LaGrange College is in the process of updating its master plan and has been working with an architectural firm to assess the existing condition and functionality of facilities, including Henry Hall.

After a thorough examination, it was decided that the 50-year residence hall would be slated for removal this summer.

“Unfortunately, Henry Hall could no longer be adapted for the future needs of our growing student population,” said Dr. John Head, Vice President for Enrollment Management and Student Experience. “The building’s renovation, including new electrical, water and HVAC systems, would have cost nearly the amount of a new structure.”

At the news of Henry Hall’s removal, Hartman said current students are excited about the prospect of new housing. However, alumni are a bit sad about saying farewell to the dormitory.

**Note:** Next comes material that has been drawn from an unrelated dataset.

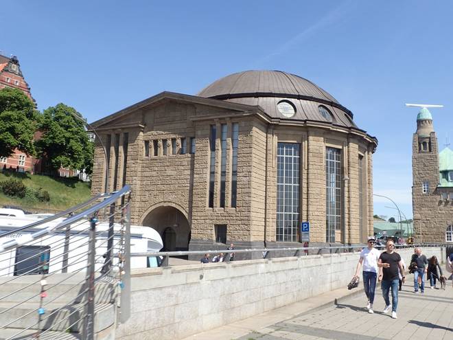Bei den St. Pauli Landungsbrücken Links der Alte Elbtunnel. |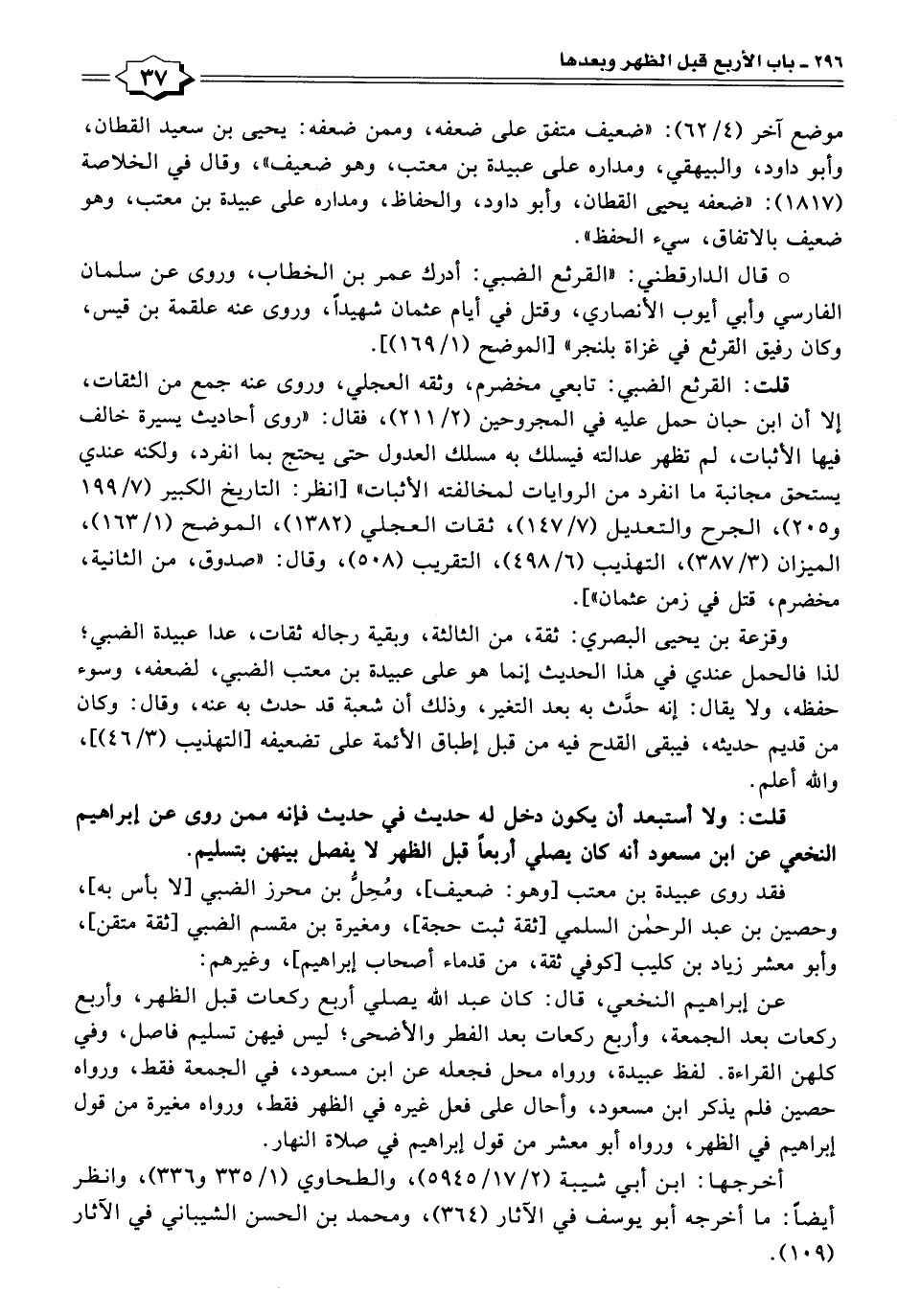 عن إبراهيم النخعي، قال: كان عبد الله يصلي أربع ركعات قبل الظهر، وأربع ركعات بعد الجمعة، وأربع ركعات بعد الفطر والأضحى؛ ليس فيهن تسليم فاصل، وفي كلهن القراءة. لفظ عبيدة، ورواه محل فجعله عن ابن مسعود، في الجمعة فقط، ورواه حصين فلم يذكر ابن مسعود، وأحال على فعل غيره في الظهر فقط، ورواه مغيرة من قول إبراهيم في الظهر، ورواه أبو معشر من قول إبراهيم في صلاة النهار.

At the time of publishing, many options are being discussed for the space and how to meet future the residential needs of an expanding student population.

“For the immediate future, it will be green space,” Hartman said. “The college is currently working through a master planning process, and it will identify the best options. Some have suggested an outdoor classroom.”

As the farewell for Henry Hall draws near, LaGrange College alumni have been sharing stories from their time in the dormitory. The college published some of those stories in an article on its website this week.

Alum George Wheelock, class of 1975, said he lived in Henry Hall for the last three years of his time at the college.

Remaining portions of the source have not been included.